Editor's Picks

Chorus Girls, Strawberry Rangoon, Watermelon Chamoy and 284 more of KC’s greatest things

Photography by Caleb Condit and Rebecca Norden

Best Chorus Girls

Kansas City Canaries

Amanda Bernice was already an avid member of the KC swing dance community when she attended the Ultimate Lindy Hop Showdown in New Orleans in 2013. Swing was not the thing she left thinking about—it was a competition featuring vintage chorus girl troupes. “I didn’t think that was a thing that still existed outside of the Rockettes,” Bernice says. 

Two years later, Bernice decided to start a modern chorus girl troupe of her own, the Kansas City Canaries (kccanaries.com). “I thought: ‘I don’t have to be a Rockette. We can have a team here,’” Bernice says. 

What began as fun and casual performances with just three dancers for the local swing dance community gradually grew. In 2017, they began a monthly engagement at The Phoenix alongside A La Mode, which continued until the pandemic hit in March 2020.

In the past year, the Canaries have reemerged and are more active than ever, performing with Lost Wax at the Midland and the Kansas City Jazz Orchestra at the Kauffman Center and for the member opening of the Nelson-Atkins’ “American Art Deco” exhibit. Now, the Canaries are forming a band to back them up, led by saxophonist Brett Jackson. “This year has been a big year for us,” Bernice says…

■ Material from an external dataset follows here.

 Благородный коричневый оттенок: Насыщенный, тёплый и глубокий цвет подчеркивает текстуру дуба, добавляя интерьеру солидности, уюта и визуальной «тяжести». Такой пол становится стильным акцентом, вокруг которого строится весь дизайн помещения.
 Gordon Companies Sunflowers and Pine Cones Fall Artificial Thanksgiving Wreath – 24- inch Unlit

Photography by Caleb Condit and Rebecca Norden

Best Strawberry Cheesecake Rangoons

Tao Tao

If you haven’t been to Tao Tao (taotaokck.com), go now and thank us later. Chef Annie Der has been operating the Chinese joint for more than five decades, and it’s remained a staple of the KCK community. Tao Tao serves dishes like authentic Springfield cashew chicken, shrimp fried rice and crab rangoon. In fact, Tao Tao boasts eight different flavors of crab rangoon, including a strawberry cheesecake rangoon….

Best Twitter Feed

Kansas City Tweets from 1922

What would Twitter have been like a hundred years ago? Besides, that is, lots of competing outrage over the scandals of Warren G. Harding? You don’t have to wonder with Kansas City Tweets from 1922 (@KansasCity100), a novelty account posting news, jokes and advertisements from a century ago.

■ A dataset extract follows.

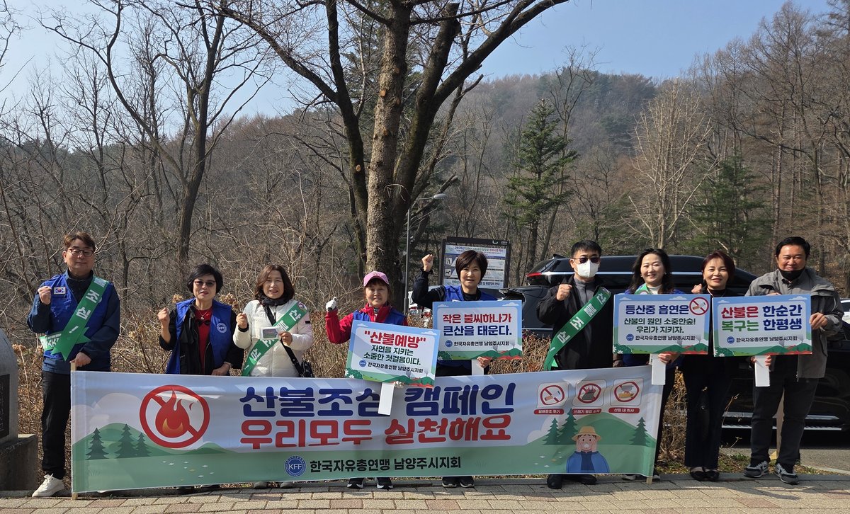 남양주시가 한국자유총연맹 남양주시지회와 함께 산불 예방을 위한 캠페인을 진행했다.산불 위기경보가 '경계' 단계로 격상된 가운데, 지난 28일 화도읍 천마산 관리소 일대에서 캠페인이 펼쳐졌다. 시는 이번 캠페인을 통해 시민들의 경각심을 고취하고, 산불 예방 문화를 확산하는 데 집중한다.특히 등산객들의 방문이 잦은 천마산에서 현장 중심의 예방 활동을 강화했다. 한국자유총연맹 남양주시지회 회원 10명은 주요 등산로 입구와 탐방로 일대에서 산불 예방 홍보 활동을 적극적으로 펼쳤다.회원들은 '산불조심' 문구가 담긴 홍보물을 배부하며, 입산 시 화기물 소지 금지, 지정된 장소 외 취사 금지 등 기본 수칙을 알렸다. 산림 내 인화물질 방치 금지, 담배꽁초 무단 투기 금지 등 생활 속 실천 사항도 함께 홍보했다.등산객들과 직접 소통하며 산불 예방의 중요성을 강조하고, 자발적인 참여를 독려했다. 선미숙 자문위원장은 “작은 부주의가 대형 산불로 이어질 수 있다”며 시민들의 관심과 실천을 강조했다.시는 이번 캠페인을 계기로 주요 산림 지역 중심의 민관 협력 캠페인을 확대할 계획이다. 취약 지역 순찰 계도 활동을 강화하여 산불 예방 활동을 지속적으로 추진할 방침이다.

Creator Jim Wright got started while listening to radio shows and looking at old newspapers as part of research for a mystery story. He kept drifting back until he got to the 1920s, realized he was seeing news from exactly a hundred years in the past and decided it would be fun to post “real-time” updates from the last century.

On any given day, you might see a glimpse of Babe Ruth’s career, instructions on how to use one of those fancy new rotary dial telephones or updates on the construction of the beach at Swope Park. The ads are always entertaining. Cigarettes for fifteen cents a pack seems like a sweet deal. The jokes are fun, too, especially when the punch lines are utterly lost on modern readers—gags about lazy horses and the like. 

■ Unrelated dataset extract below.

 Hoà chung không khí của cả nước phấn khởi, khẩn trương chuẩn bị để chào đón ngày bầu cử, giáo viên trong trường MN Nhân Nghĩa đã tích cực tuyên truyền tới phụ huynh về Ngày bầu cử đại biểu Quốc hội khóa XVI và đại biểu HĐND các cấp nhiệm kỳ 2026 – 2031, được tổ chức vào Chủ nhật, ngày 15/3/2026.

Not everything is so lighthearted, of course. Suffice to say, The Star’s coverage of the Tulsa Race Riots was less than egalitarian. Generally, though, Wright has been pleasantly surprised by what he found. 

“Before I started doing this project, I kind of assumed that people were less intelligent back then. But now, when I go through this old paper, I’m like, ‘These people had magnificent solutions for the problems that they were facing.’”

He cites a story about the city council looking for a better way to handle garbage. There was an idea to feed anything organic to hogs. He also spoke of their clearly superior mass transit. 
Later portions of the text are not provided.